74 year-old male with past medical history significant for an anterolateral myocardial infarction.

Figure 1: Sagittal image demonstrating left ventricular apical out pouching.

Figure 2: Same left ventricular apical out pouching in the coronal plane.

Movies 1 and 2: There is a 3 cm thin-walled out pouching at the apex of the left ventricle, demonstrating paradoxical movement relative to the left ventricular contraction. This area of out pouching arises from the LV contour with a smooth angle. The LV myocardium tapers gradually in thickness up to the margin of the out pouching. There appears to be trabeculations in the out pouching as well. There is no evidence of thrombosis within the out pouching. Mild mitral regurgitation is noted. The right ventricle demonstrates normal wall motion.

True aneurysm of the left ventricular apex.

A left ventricular (LV) aneurysm is a segment of the left ventricular wall that protrudes from the expected outline of the ventricular chamber and displays either akinetic or dyskinetic motion. LV aneurysms occur in approximately 12-15% of patients after myocardial infarction. Weakening of the myocardial wall at the infarction site permits the development of a local bulge. Pathologically there is a large thin-walled sac bulging from the lumen and the external surface of the heart, usually clearly demarcated from normal myocardium.

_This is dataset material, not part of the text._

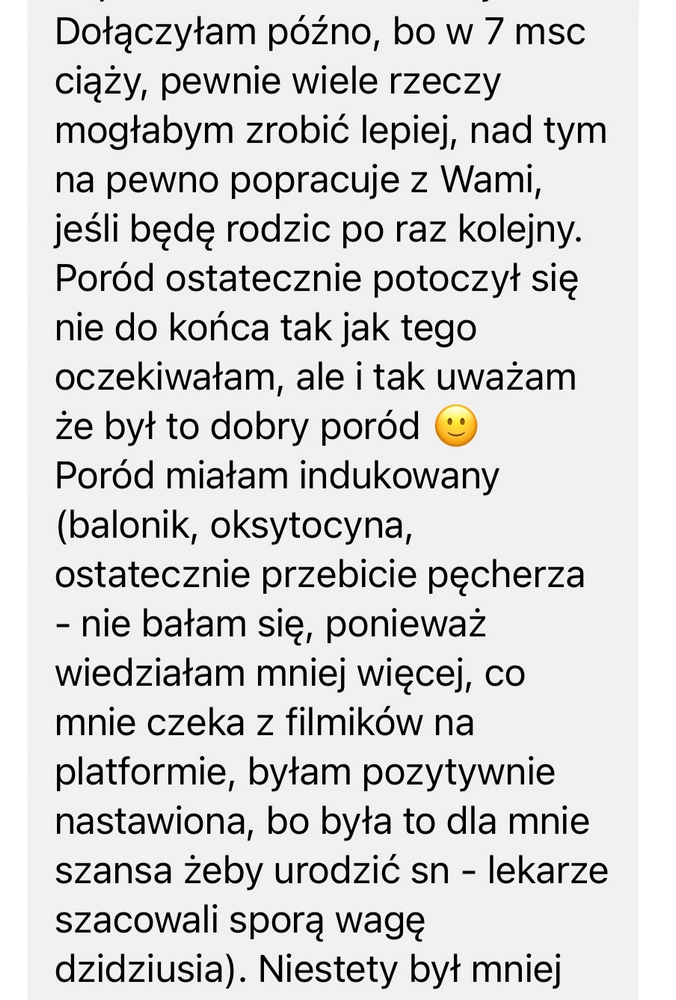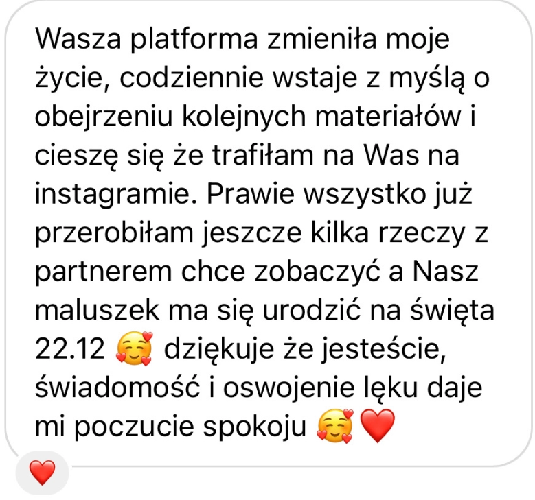 Wasza platforma zmieniła moje życie, codziennie wstaje z myślą o obejrzeniu kolejnych materiałów i cieszę się że trafiłam na Was na instagramie. Prawie wszystko już przerobiłam jeszcze kilka rzeczy z partnerem chce zobaczyć a Nasz maluszek ma się urodzić na święta 22.12 🥰💕 dziękuje że jesteście, świadomość i oswojenie lęku daje mi poczucie spokoju 🥰❤️"Dzięki Wam byłam świadoma i przygotowana jak tylko się da!"
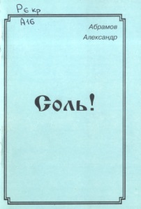 Абрамов, А. С. Соль! : стихи / Александр Абрамов . - Мурманск : Мурманское отделение Всероссийского фонда культуры, 1997. - 15 с. - Программа «Первая книга».

Many patients with small left ventricular aneurysms are asymptomatic. As the size of the aneurysm increases, patients can present with angina refractory to medical treatment, congestive heart failure, arrhythmias, and systemic emboli. Complications of left ventricular aneurysms include mitral incompetence (via aneurysm of the posterior left ventricle which supports the papillary muscle and chordae tendinae of the mitral valve), cardiac failure, and mural rupture leading to tamponade and/or cardiogenic shock.
Plain radiographic findings can be normal, but the aneurysm can be seen on a chest x-ray as a bulge in the contour of the left heart border. Curvilinear peripheral calcification is an infrequent but important sign that occurs only after several years.

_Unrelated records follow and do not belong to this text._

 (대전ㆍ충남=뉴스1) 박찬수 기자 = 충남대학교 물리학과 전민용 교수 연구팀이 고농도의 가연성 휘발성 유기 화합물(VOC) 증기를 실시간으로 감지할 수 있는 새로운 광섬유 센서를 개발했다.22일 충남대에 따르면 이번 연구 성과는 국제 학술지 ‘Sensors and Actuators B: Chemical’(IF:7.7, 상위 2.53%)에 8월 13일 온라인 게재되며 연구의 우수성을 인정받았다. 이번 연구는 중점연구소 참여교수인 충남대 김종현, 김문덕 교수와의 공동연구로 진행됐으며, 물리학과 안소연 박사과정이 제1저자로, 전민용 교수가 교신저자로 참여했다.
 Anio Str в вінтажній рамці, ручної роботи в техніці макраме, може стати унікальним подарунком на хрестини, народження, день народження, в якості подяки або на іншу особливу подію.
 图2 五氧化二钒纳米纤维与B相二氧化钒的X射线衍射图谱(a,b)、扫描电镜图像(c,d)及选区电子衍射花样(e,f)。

True ventricular aneurysms are broad necked, thin-walled, localized out-pouchings which have an intact fibrous myocardial wall with adherent overlying pericardium. True aneurysms most commonly occur after a transmural myocardial infarction from severe left anterior descending (LAD) coronary artery disease. Less common causes include congenital, Chagas disease, and myocarditis. These aneurysms are most commonly located in the anterolateral, apical, and septal walls. True aneurysms have a neck that is greater than or equal to the maximal diameter of the aneurysm. They are either akinetic or dyskinetic and do not contract during systole. The left ventricle is usually dilated and the remaining wall is hyperkinetic in order to maintain cardiac output. These aneurysms may contain thrombus and have a very low risk of rupture.

False ventricular aneurysms, or pseudoaneurysms, are contained myocardial ruptures consisting of a localized hematoma surrounded by adherent pericardium. These aneurysms develop when the free wall of the left ventricle ruptures into the pericardial space after a myocardial infarction. Other causes include penetrating trauma, abscess from bacterial endocarditis, and surgical ventriculotomy. False aneurysms are most commonly located in the posterolateral and retrocardiac areas of the left ventricle. They have a neck size that is less than the maximal diameter of the aneurysm. Imaging studies may demonstrate contrast material oscillating in and out of the neck of the aneurysm because of the narrow communication with the left ventricular chamber. False aneurysms almost always contain thrombus and have a high risk for rupture.

References:

1. Brant, W.E. and Helms, C.A. Fundamentals of Diagnostic Radiology, 2nd Edition. Philadelphia: Lippencott Williams & Wilkins, c1999. pp.552-553.
2. Pohost, G.M. and O’Rourke, R.A. (eds). Principles and Practice of Cardiovascular Imaging. Boston: Little, Brown & Co., c1991. pp. 93-394.